§ TO DO
Below are records with pictures in them. Output exactly the lines from the one with "Adjustable Cartoon Animals" through the one with "Start the week", both included, and leave every picture out; give only those lines.

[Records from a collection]
>>>>>

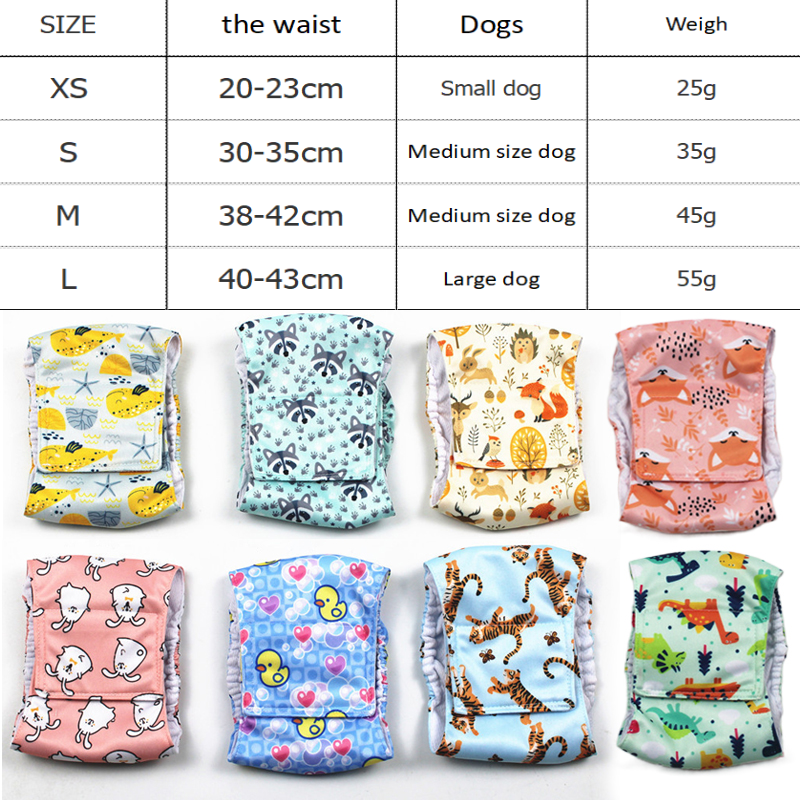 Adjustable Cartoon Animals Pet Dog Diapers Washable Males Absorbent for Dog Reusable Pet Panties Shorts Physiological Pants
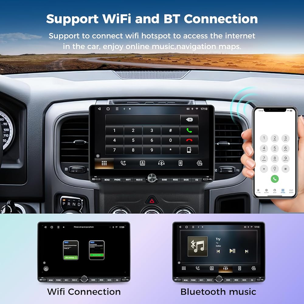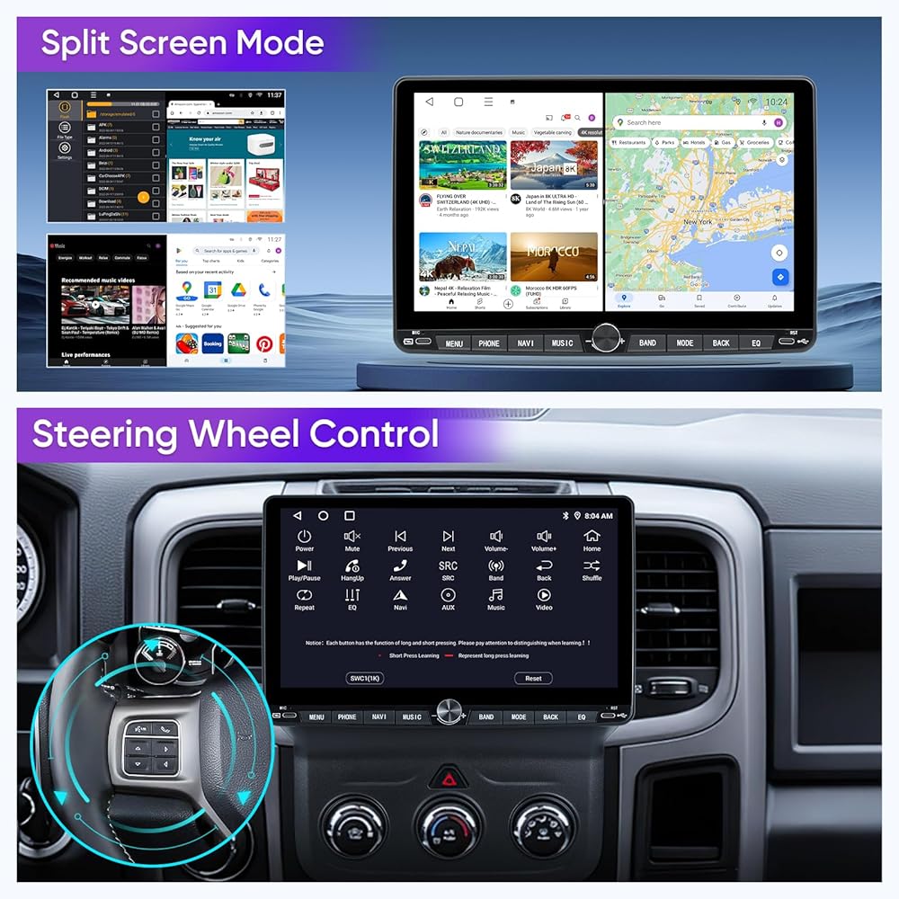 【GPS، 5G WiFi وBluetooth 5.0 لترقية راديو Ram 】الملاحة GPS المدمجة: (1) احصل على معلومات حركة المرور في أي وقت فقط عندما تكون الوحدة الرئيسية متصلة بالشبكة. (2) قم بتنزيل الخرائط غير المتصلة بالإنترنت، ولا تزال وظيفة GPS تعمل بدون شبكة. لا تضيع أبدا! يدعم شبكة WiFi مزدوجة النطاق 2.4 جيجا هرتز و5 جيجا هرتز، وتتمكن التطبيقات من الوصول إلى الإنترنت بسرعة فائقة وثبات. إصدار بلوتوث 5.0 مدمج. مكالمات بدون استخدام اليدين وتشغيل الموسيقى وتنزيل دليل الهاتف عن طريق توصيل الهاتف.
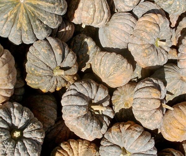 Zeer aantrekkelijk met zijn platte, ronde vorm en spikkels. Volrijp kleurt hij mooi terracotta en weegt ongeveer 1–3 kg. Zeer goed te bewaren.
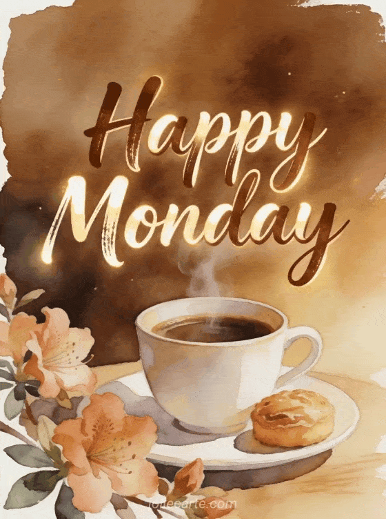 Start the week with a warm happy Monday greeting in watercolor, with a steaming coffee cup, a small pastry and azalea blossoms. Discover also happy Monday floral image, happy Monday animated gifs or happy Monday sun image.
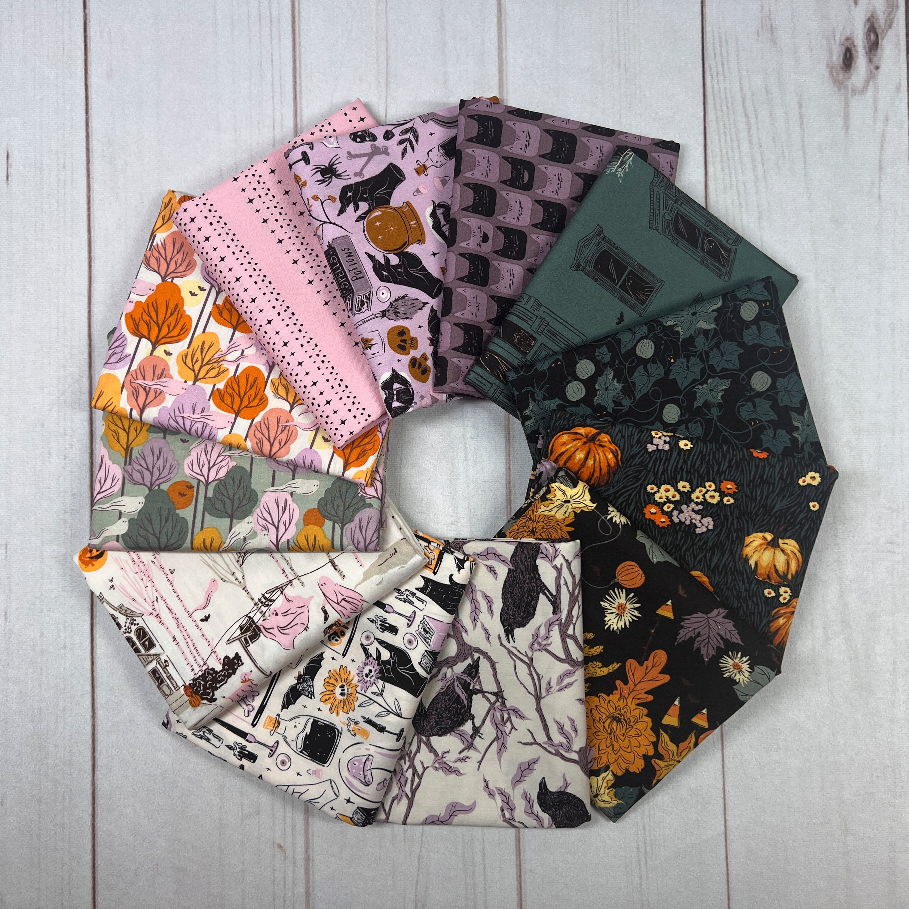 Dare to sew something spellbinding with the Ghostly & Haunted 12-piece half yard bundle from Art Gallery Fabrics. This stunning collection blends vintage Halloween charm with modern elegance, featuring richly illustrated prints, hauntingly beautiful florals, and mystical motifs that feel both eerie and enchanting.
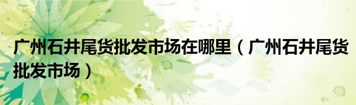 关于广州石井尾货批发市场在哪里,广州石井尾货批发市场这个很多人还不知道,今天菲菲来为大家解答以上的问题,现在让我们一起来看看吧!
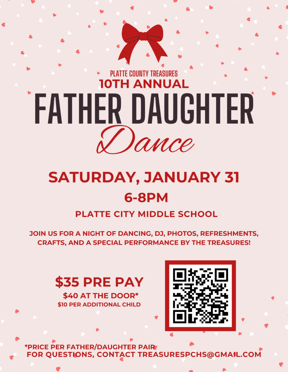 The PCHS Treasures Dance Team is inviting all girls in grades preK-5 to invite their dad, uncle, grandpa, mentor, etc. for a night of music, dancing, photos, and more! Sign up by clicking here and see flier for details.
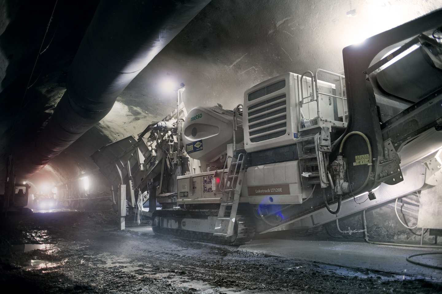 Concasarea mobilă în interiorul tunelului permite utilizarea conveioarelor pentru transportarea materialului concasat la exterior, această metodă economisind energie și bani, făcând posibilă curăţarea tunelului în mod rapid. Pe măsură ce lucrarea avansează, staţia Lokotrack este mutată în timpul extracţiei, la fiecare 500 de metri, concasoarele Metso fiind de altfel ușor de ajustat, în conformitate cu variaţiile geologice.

<<<<<
>>>>>

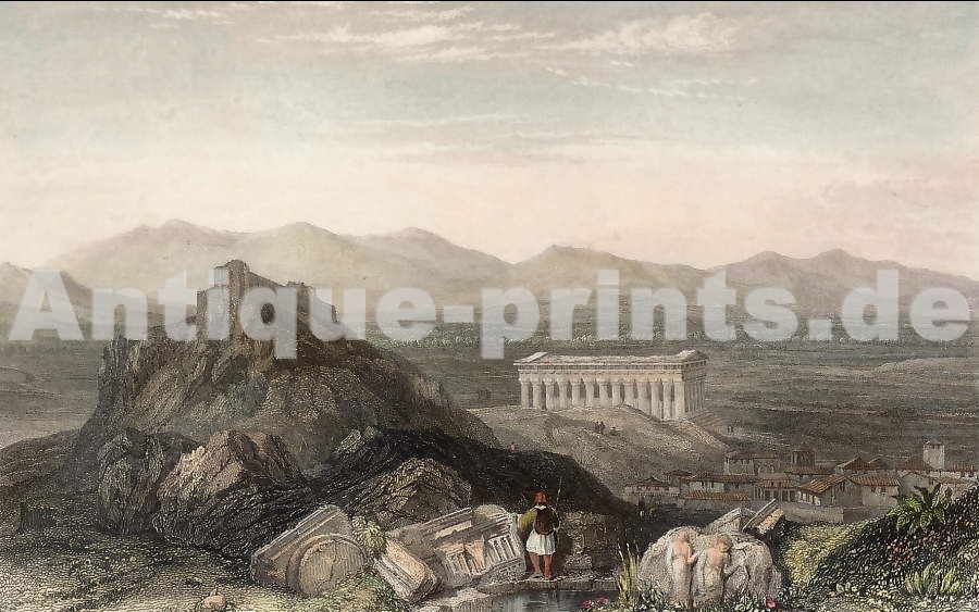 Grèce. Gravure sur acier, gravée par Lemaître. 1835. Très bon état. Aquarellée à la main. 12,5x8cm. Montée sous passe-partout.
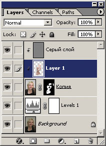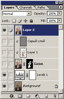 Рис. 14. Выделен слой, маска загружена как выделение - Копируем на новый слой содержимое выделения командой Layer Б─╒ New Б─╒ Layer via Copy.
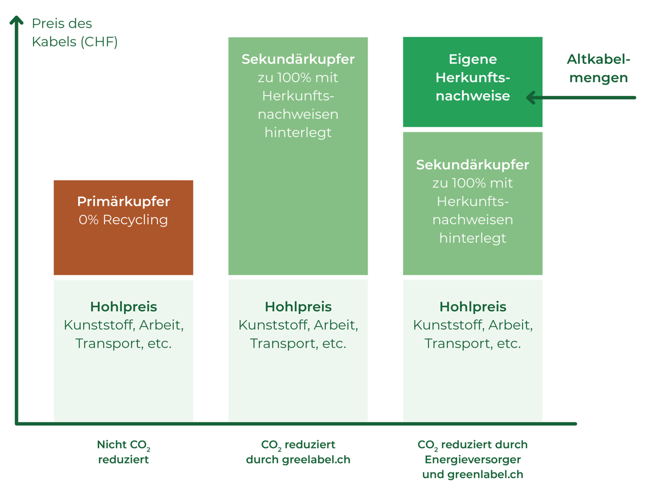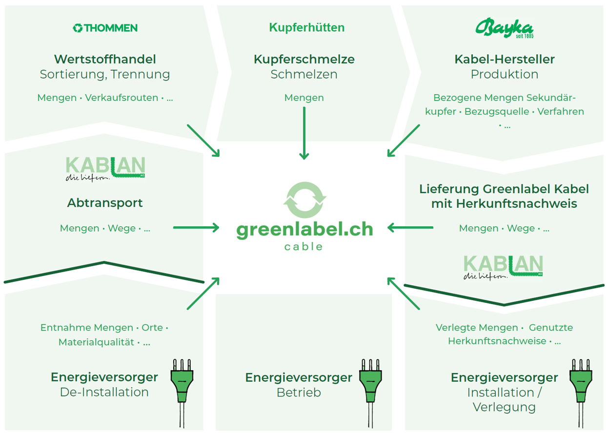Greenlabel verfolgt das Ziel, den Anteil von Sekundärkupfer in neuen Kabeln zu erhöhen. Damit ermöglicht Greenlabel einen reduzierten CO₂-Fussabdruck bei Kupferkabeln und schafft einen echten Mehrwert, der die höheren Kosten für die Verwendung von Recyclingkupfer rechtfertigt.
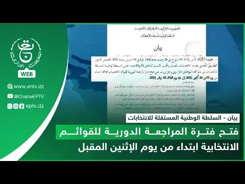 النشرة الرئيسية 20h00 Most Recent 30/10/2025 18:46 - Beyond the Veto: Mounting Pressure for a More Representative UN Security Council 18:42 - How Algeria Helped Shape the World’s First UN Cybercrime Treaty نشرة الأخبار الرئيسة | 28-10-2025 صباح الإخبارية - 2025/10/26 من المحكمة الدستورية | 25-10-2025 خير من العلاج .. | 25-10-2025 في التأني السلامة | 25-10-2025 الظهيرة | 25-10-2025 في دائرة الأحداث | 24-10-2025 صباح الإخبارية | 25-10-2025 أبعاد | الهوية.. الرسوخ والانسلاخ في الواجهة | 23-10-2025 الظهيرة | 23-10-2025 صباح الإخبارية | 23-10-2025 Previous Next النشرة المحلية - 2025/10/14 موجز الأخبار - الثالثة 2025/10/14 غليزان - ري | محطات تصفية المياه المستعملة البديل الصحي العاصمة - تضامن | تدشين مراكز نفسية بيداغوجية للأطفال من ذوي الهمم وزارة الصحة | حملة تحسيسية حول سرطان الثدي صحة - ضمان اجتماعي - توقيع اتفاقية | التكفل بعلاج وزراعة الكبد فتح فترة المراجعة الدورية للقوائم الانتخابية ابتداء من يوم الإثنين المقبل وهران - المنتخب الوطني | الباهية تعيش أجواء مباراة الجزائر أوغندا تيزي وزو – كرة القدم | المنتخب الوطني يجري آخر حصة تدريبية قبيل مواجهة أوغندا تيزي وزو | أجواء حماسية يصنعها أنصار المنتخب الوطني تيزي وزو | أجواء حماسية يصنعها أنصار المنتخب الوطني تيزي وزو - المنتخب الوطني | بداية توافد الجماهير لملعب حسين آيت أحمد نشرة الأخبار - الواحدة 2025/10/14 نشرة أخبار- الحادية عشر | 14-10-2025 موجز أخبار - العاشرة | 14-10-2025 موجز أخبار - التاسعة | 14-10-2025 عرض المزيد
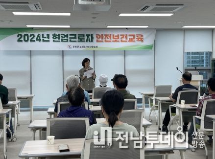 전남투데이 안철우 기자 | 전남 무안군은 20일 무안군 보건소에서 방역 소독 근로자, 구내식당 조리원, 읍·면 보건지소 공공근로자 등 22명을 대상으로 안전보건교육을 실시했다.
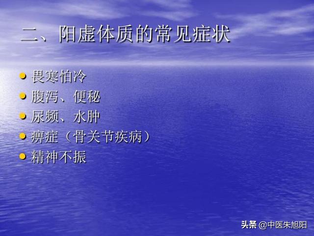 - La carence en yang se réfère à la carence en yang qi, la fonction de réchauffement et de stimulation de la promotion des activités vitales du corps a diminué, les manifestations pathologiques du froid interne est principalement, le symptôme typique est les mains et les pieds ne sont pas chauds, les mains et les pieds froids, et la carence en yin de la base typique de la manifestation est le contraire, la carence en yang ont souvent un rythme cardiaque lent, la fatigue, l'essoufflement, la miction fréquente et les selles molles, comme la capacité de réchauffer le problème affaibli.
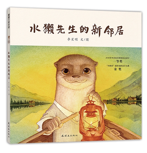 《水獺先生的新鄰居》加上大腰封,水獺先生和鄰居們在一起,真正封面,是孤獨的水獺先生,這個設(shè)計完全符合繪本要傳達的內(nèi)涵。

<<<<<

§ RESPONSE AREA
 Adjustable Cartoon Animals Pet Dog Diapers Washable Males Absorbent for Dog Reusable Pet Panties Shorts Physiological Pants
 【GPS، 5G WiFi وBluetooth 5.0 لترقية راديو Ram 】الملاحة GPS المدمجة: (1) احصل على معلومات حركة المرور في أي وقت فقط عندما تكون الوحدة الرئيسية متصلة بالشبكة. (2) قم بتنزيل الخرائط غير المتصلة بالإنترنت، ولا تزال وظيفة GPS تعمل بدون شبكة. لا تضيع أبدا! يدعم شبكة WiFi مزدوجة النطاق 2.4 جيجا هرتز و5 جيجا هرتز، وتتمكن التطبيقات من الوصول إلى الإنترنت بسرعة فائقة وثبات. إصدار بلوتوث 5.0 مدمج. مكالمات بدون استخدام اليدين وتشغيل الموسيقى وتنزيل دليل الهاتف عن طريق توصيل الهاتف.
 Zeer aantrekkelijk met zijn platte, ronde vorm en spikkels. Volrijp kleurt hij mooi terracotta en weegt ongeveer 1–3 kg. Zeer goed te bewaren.
 Start the week with a warm happy Monday greeting in watercolor, with a steaming coffee cup, a small pastry and azalea blossoms. Discover also happy Monday floral image, happy Monday animated gifs or happy Monday sun image.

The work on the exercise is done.